Серега стоял, опершись спиной на забор, не двигаясь, будто прилип к липким влажным прутьям.
– Знаешь, – решил он поделиться сомнениями, – сдается мне, в очень нехорошее место я забрел. Мрачно все и по-жлобски выглядит, несмотря на газон и табличку. Прямо притон какой-то!
– Э-э, да ты притонов не вид… – оборвал себя на полуслове Коровин, но уже в следующую секунду нашелся: – Прочь сомнения! Вон они – твои «герои»!
Прожектор потух минуты три назад, горела лишь лампочка на крыльце.
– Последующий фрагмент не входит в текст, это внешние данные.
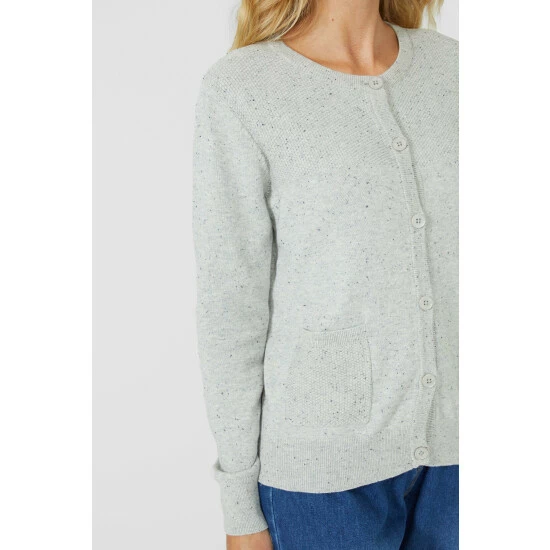 Moss Stitch Button Cotton Nep Crew Cardigan from Mantaray. Elevate your knitwear attire with beautiful designs and opt for this chic cotton nep crew cardigan. Featuring long comfortable sleeves with stretch cuffs, front pockets and small front buttons and a tailored cut finish for the perfect warm fit. Made from 100% Cotton. Wash at 40. Model wears a Size 10.

Вдруг в неровный круг ее слоистого света из дверей шагнула бравая четверка – красавчик «Маруани», толстяк с лысой головой, кучерявый в бейсболке и коротышка-блондин, чьи волосы казались прилизанными. Они и сейчас выглядели такими же точно, словно смоченные водой или смазанные жиром. Гриценко подивился про себя, как же крепко он запомнил молодых гадов, но, вздохнув, сказал:
– Эх, а ведь и правда придется возвращаться.
И они пошли прочь. Под ногами смачно трещал щебень (рассыпанный здесь, возможно, под новую дорогу), в виске горячо стучала кровь, кончики пальцев жгло, как перед большой дракой.